An einen Kameraden, der nicht abgeholt wurde, erinnern sich die beiden Feldwebel ganz besonders gut. Der Hauptmann kam aus dem Einsatz im Kosovo zurück. Er war bereits dort erkrankt, hatte aber vom Arzt eine Bescheinigung über die Flugtauglichkeit. Zudem waren Sanitäter an Bord. Am Flughafen Nürnberg angekommen ging es dem Rückkehrer plötzlich rapide schlechter. Trotzdem wollte er alleine mit öffentlichen Verkehrsmitteln weiterreisen. Den Feldwebeln fiel der schlechte Zustand des Kameraden auf, der kaum mehr ansprechbar schien. „Du fährst nicht weiter“, sagten sie, behielten ihn in der Lounge, als alle anderen schon weg waren. Sie alarmierten einen zivilen Rettungswagen, als es dem Rückkehrer noch schlechter ging – und retten dem Kameraden damit das Leben. Er brach vor Ort mit multiplem Organversagen aufgrund einer Sepsis zusammen. Für ihre besondere Aufmerksamkeit, Kameradschaft und Hilfsbereitschaft erhielten die beiden Feldwebel die Ehrenmedaille des Landeskommando Bayern in Gold. Oberst Heinz Unterreiner überreichte sie in Vertretung des Kommandeurs – zwei Jahre nach dem Vorfall. Denn die guten Seelen vom Flughafen hatten in der Dienststelle gar nicht viel von dem Ereignis berichtet, auch diese Hilfe war für sie „keine große Sache“. 

Auch die Nachbereitung gehört dazu

Vier Soldaten stehen vor einem Tor, im Hintergrund ein Flugfeld mit einem „Follow Me“-Auto.

Auszeichnung: Für ihren vorbildlichen Dienst erhalten die Feldwebel die Ehrenmedaille des Landeskommando Bayern in Gold. Oberst Heinz Unterreiner (rechts) überreicht sie in Vertretung des Kommandeurs am Flughafen Nürnberg.

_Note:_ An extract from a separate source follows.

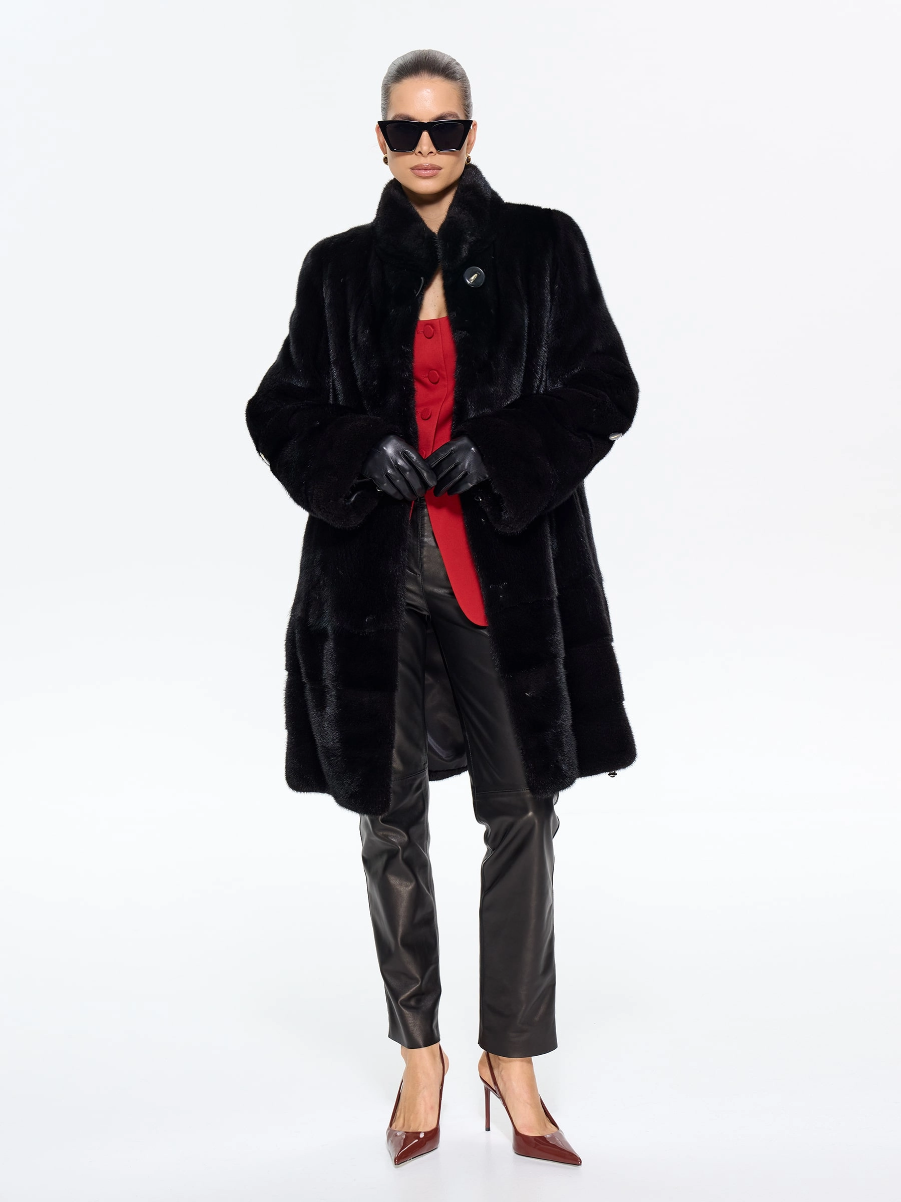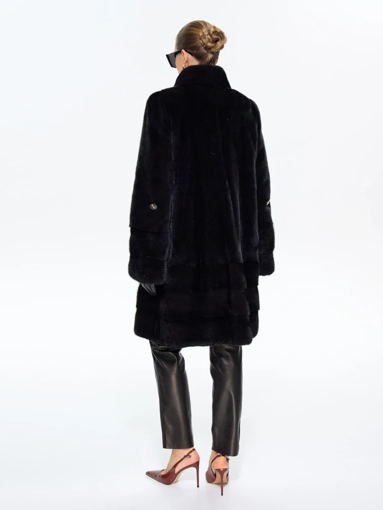 Элегантная шуба из меха норки премиум-класса прямого силуэта и длиной 100 см с воротником-стойкой и втачными рукавами. Эта классическая модель с диагональной раскладкой по подолу и рукавам, карманами и регулируемой внутренней кулиской для изменения силуэта, станет практичной и статусной вещью в вашем гардеробе. Стилисты рекомендуют носить эту роскошную шубу с капюшоном с джинсами-скинни и высокими сапогами для повседневного образа, а также с платьем-миди и каблуками для выхода в свет — её универсальность и утончённая классика покорят любую женщину.

Bundeswehr/Felicia Englmann

Wenn alle Rückkehrer abgeholt sind oder alle Kameradinnen und Kameraden, die in den Einsatz fliegen, an Bord sind und das Flugzeug gestartet ist, bleibt wieder Warten. Mindestens eine Stunde nach dem Abflug eines militärischen Flugs sind Chris und Ralle noch da, falls das Flugzeug aus irgendeinem Grund umkehren muss und wieder in Nürnberg landet. Zeit, noch einmal die Lounge zu kontrollieren. Unter einer der Bänke finden sie eine verlorene Tafel Schokolade, unter einer anderen eine leere Wasserflasche. Schnell wegwerfen, obwohl das auch die Reinigungskräfte des Flughafens tun könnten – ist ja nur eine Kleinigkeit.